# What to work on
From the material below, please set down exactly the lines starting with the one with "The pieces are" and going on through the one with "20 липня 2025", without a single picture.

# Supplied entries
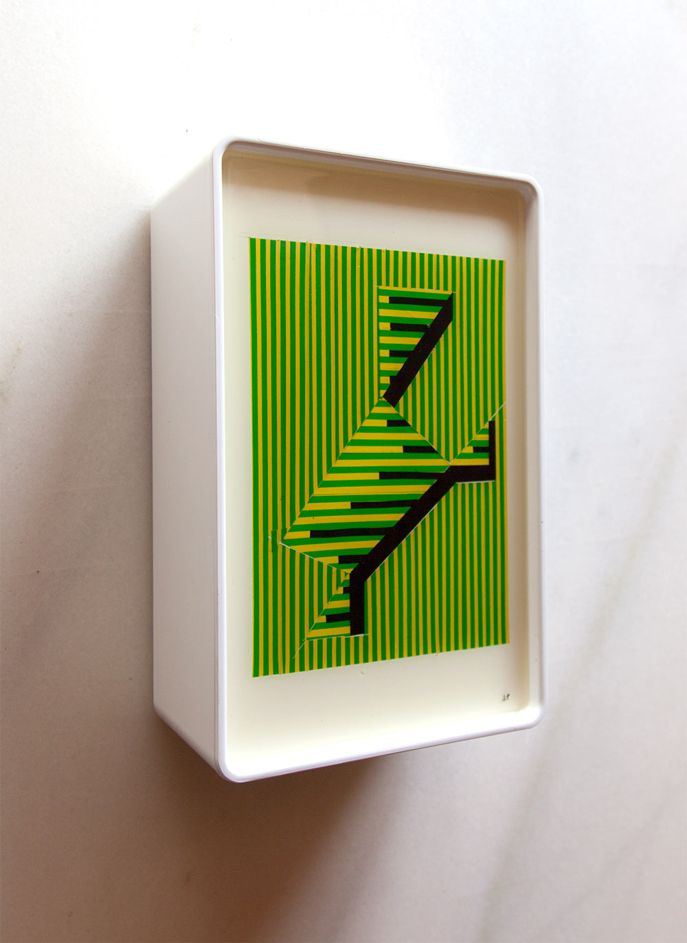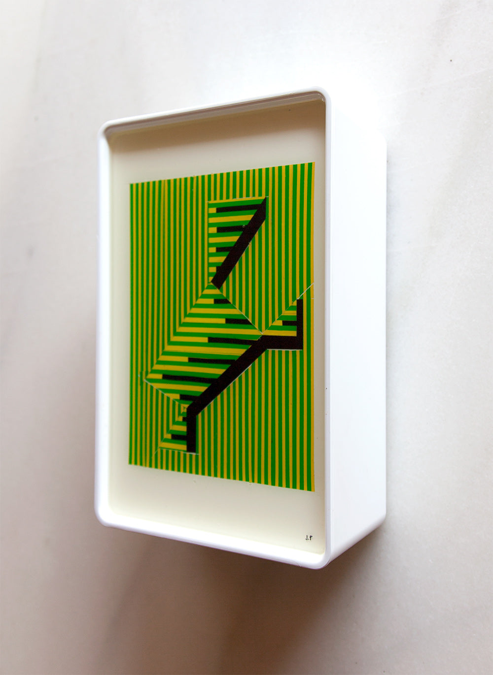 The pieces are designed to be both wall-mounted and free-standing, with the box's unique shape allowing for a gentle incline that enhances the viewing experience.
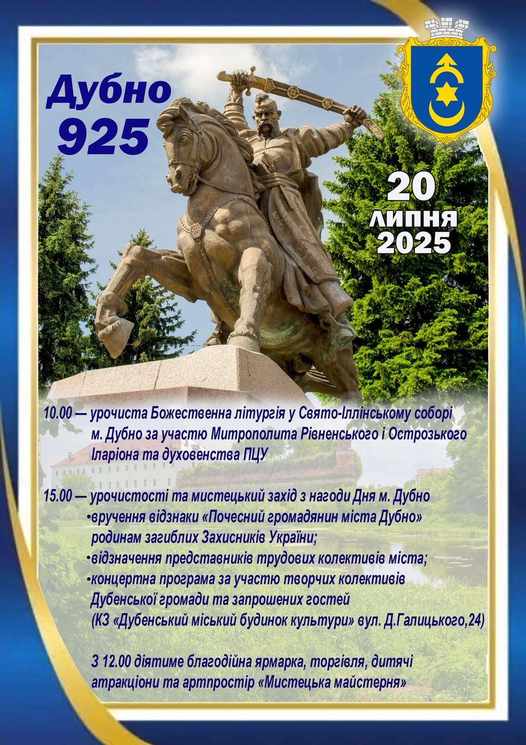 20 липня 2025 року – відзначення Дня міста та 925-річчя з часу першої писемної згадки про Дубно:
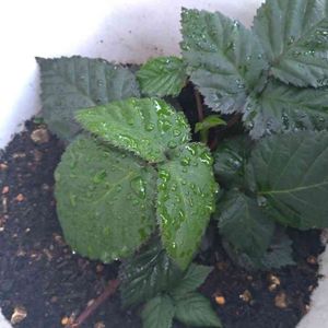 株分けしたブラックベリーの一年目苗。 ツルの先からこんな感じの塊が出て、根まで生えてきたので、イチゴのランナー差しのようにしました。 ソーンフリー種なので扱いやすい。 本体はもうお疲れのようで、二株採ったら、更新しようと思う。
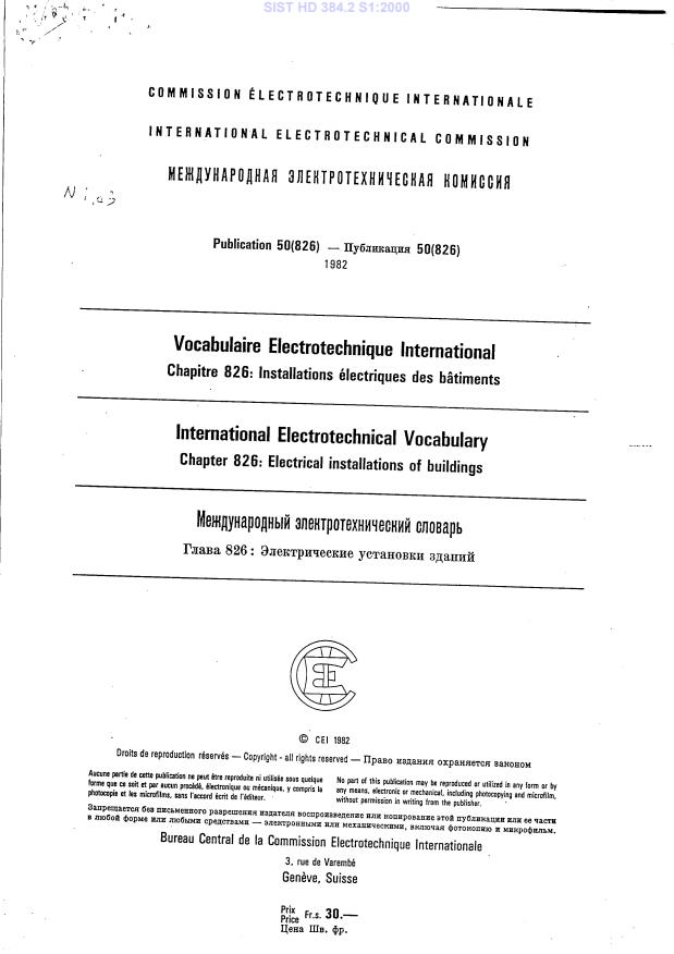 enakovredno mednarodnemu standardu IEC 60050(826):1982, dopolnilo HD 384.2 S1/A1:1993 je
--
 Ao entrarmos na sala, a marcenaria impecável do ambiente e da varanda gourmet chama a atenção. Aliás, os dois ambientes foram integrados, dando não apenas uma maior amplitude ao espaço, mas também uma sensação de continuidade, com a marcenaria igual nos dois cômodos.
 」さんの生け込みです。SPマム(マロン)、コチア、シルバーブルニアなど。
...
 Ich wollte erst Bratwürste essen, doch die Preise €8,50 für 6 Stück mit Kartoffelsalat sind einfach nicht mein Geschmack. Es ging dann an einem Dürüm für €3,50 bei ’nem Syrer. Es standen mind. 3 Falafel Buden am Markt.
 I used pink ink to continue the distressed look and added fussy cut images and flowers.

# Task answer
 The pieces are designed to be both wall-mounted and free-standing, with the box's unique shape allowing for a gentle incline that enhances the viewing experience.
 20 липня 2025 року – відзначення Дня міста та 925-річчя з часу першої писемної згадки про Дубно:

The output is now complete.